Sin embargo, aunque teníamos por costumbre escoger juntas un destino vacacional cada verano (he de admitir que con bastantes discusiones) adonde escapar hasta que el tiempo refrescaba, el último día de junio Ella salió del hotel con su equipaje dándose aires y desapareció. Dadas las circunstancias no esperaba tener noticias suyas, excepto quizá la típica postal de recuerdo que, como Ella bien sabe, siempre me saca de quicio. No obstante, exactamente dos semanas después de su partida recibí la carta causante de todo.

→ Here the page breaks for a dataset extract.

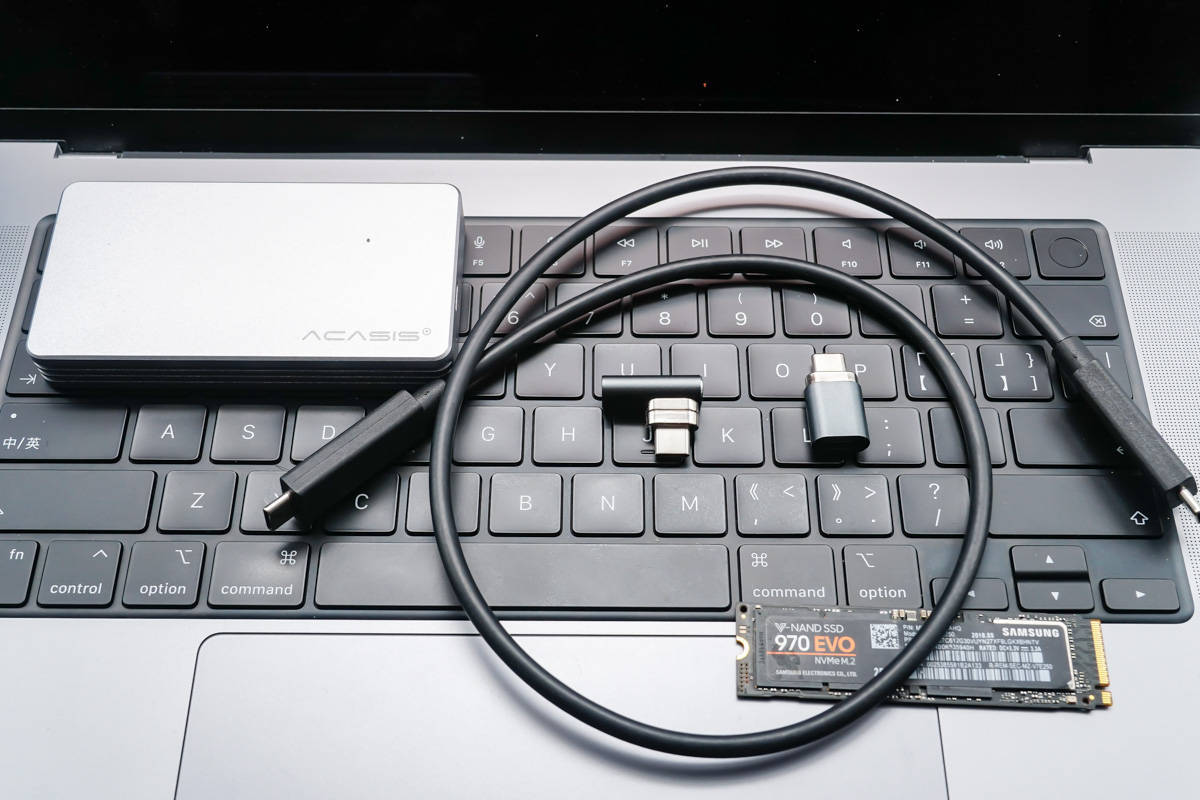 다음으로 데이터 전송 테스트를 살펴보겠습니다. 사용된 도구는 Samsung 970 EVO 솔리드 스테이트 드라이브, Thunderbolt 3 하드 디스크 상자, Thunderbolt 3 데이터 케이블 및 2개의 어댑터입니다.

No había nada extraordinario en su caligrafía, lo que fue más que suficiente para despertar mis sospechas. No es propio de Ella Trotter mostrarse evasiva, pero en esta ocasión se había tomado muchas molestias para relatar de manera absolutamente insustancial su estancia en el hotel Mount Lebeau, donde se alojaba. No había palabras tachadas, como sucedía siempre en sus misivas, ya que Ella es de las que sueltan lo primero que se les viene a la cabeza y piensan después. La carta era concienzudamente pulcra, casi impecable, y más legible que nada suyo que yo hubiera leído de su puño y letra. Tuve la certeza de que la había pasado a limpio, quizá varias veces, y eso bastó para ponerme en guardia. ¿Por qué Ella Trotter, precisamente Ella Trotter, se tomaría tantas molestias para contarme una versión expurgada de sus actividades?, me pregunté resoplando.

He de reconocer que no reparé inmediatamente en la posdata, situada en el reverso de la última página. Ella se había esforzado en hacerla parecer una ocurrencia de última hora, pero en cuanto la leí supe que era el verdadero motivo de toda la carta. No he jugado al bridge con Ella durante años para nada, y debería haber sabido que no iba a poder utilizarme para sacarle las castañas del fuego, al menos sin que yo me diera cuenta. Si hubiera puesto la posdata entre signos de exclamación con tinta roja, no habría estado yo más segura de que Ella andaba metida en algo y había decidido mantenerme al margen.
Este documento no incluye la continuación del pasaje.